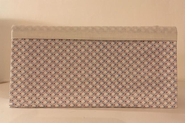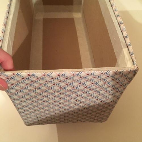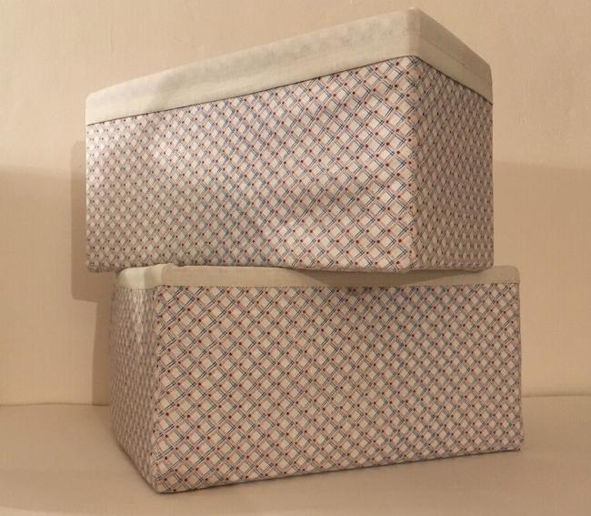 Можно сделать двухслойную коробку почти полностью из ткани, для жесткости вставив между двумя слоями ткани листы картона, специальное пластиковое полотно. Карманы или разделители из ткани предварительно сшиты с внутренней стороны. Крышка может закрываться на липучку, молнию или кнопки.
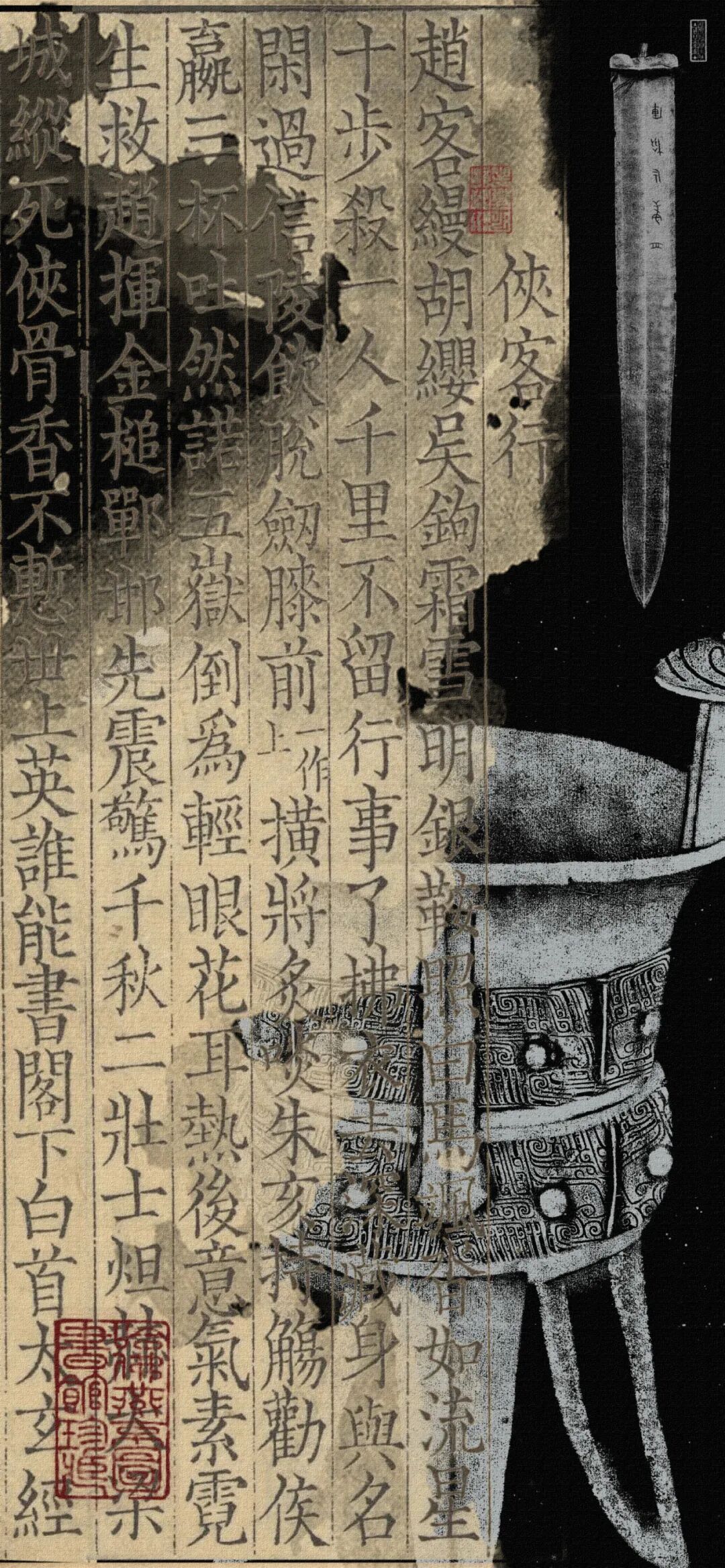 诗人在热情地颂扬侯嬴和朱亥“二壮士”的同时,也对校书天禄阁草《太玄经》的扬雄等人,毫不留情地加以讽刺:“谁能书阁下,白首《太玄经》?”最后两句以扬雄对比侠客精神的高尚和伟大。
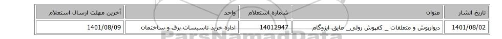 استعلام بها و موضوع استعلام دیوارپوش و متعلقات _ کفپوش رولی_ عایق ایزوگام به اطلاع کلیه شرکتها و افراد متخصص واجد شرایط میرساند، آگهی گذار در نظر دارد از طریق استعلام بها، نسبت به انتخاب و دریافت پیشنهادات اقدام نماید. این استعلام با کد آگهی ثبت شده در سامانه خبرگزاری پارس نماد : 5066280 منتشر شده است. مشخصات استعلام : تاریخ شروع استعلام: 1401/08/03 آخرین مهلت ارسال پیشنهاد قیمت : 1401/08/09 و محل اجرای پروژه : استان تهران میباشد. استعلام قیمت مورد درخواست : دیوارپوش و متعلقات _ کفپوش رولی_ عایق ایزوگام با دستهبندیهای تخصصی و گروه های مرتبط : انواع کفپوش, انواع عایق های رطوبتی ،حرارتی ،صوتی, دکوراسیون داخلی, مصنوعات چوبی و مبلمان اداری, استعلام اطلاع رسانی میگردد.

━━━

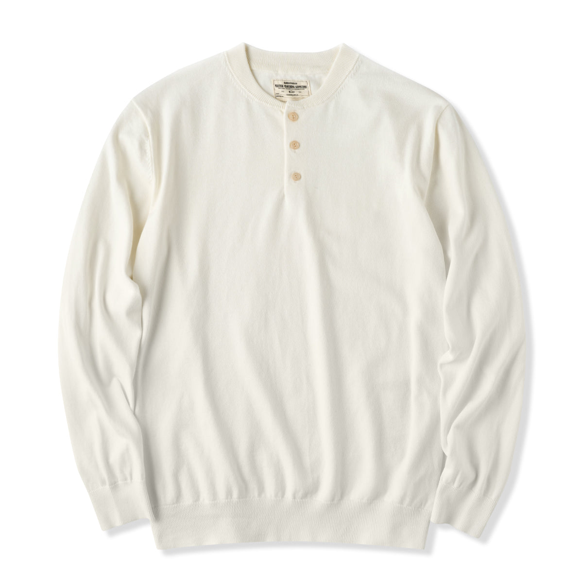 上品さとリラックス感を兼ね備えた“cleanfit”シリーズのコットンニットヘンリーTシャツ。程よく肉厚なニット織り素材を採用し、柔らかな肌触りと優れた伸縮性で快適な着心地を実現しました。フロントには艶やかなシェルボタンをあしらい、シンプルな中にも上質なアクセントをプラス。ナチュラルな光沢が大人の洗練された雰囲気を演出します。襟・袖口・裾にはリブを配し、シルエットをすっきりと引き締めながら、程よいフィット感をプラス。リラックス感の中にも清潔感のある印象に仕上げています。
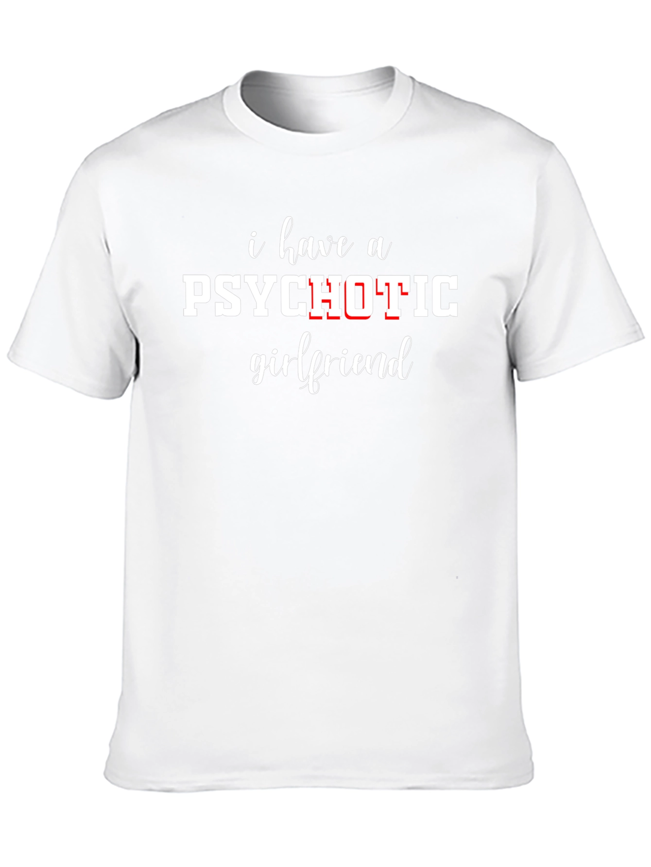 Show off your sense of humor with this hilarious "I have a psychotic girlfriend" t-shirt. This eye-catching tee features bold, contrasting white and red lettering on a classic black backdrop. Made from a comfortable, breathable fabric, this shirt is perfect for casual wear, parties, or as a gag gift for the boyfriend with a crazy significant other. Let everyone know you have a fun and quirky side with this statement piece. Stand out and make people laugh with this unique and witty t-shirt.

━━━

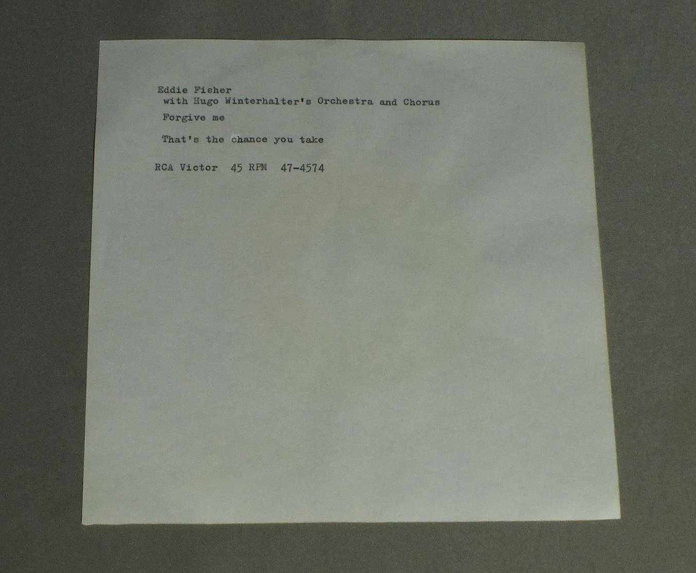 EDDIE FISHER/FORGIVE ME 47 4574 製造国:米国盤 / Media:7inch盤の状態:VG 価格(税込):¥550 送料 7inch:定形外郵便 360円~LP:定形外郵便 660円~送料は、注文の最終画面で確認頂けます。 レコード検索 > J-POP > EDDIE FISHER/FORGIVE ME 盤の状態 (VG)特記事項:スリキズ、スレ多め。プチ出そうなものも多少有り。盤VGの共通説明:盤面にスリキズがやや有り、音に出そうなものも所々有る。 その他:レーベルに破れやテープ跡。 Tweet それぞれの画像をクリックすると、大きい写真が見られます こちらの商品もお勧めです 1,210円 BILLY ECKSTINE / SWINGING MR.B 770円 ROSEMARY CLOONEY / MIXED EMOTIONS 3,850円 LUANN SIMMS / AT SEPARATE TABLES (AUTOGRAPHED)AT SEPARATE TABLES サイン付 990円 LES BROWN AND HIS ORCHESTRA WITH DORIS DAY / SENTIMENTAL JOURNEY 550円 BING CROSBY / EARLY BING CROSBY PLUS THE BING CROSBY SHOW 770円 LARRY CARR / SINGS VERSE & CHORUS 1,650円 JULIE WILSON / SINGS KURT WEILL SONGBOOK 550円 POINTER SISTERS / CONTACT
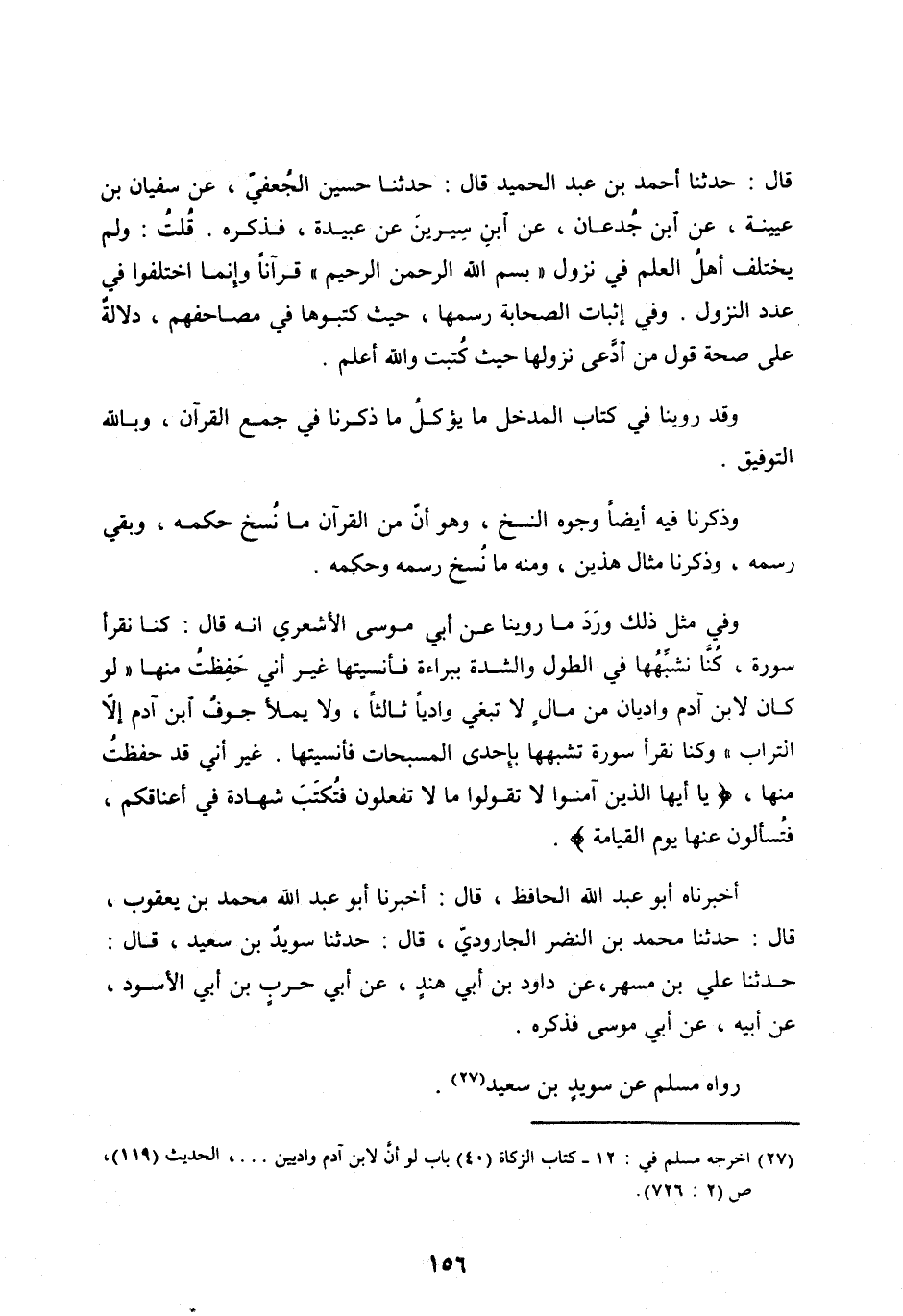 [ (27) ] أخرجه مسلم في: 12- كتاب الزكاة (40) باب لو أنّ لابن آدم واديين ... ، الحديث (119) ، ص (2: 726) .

━━━

*Work instruction:* Using the listing above, repeat word for word each line from the one with "Можно сделать двухслойную" down to the one with "استعلام بها و", both included. Omit all pictures.

*Result:*
 Можно сделать двухслойную коробку почти полностью из ткани, для жесткости вставив между двумя слоями ткани листы картона, специальное пластиковое полотно. Карманы или разделители из ткани предварительно сшиты с внутренней стороны. Крышка может закрываться на липучку, молнию или кнопки.
 诗人在热情地颂扬侯嬴和朱亥“二壮士”的同时,也对校书天禄阁草《太玄经》的扬雄等人,毫不留情地加以讽刺:“谁能书阁下,白首《太玄经》?”最后两句以扬雄对比侠客精神的高尚和伟大。
 استعلام بها و موضوع استعلام دیوارپوش و متعلقات _ کفپوش رولی_ عایق ایزوگام به اطلاع کلیه شرکتها و افراد متخصص واجد شرایط میرساند، آگهی گذار در نظر دارد از طریق استعلام بها، نسبت به انتخاب و دریافت پیشنهادات اقدام نماید. این استعلام با کد آگهی ثبت شده در سامانه خبرگزاری پارس نماد : 5066280 منتشر شده است. مشخصات استعلام : تاریخ شروع استعلام: 1401/08/03 آخرین مهلت ارسال پیشنهاد قیمت : 1401/08/09 و محل اجرای پروژه : استان تهران میباشد. استعلام قیمت مورد درخواست : دیوارپوش و متعلقات _ کفپوش رولی_ عایق ایزوگام با دستهبندیهای تخصصی و گروه های مرتبط : انواع کفپوش, انواع عایق های رطوبتی ،حرارتی ،صوتی, دکوراسیون داخلی, مصنوعات چوبی و مبلمان اداری, استعلام اطلاع رسانی میگردد.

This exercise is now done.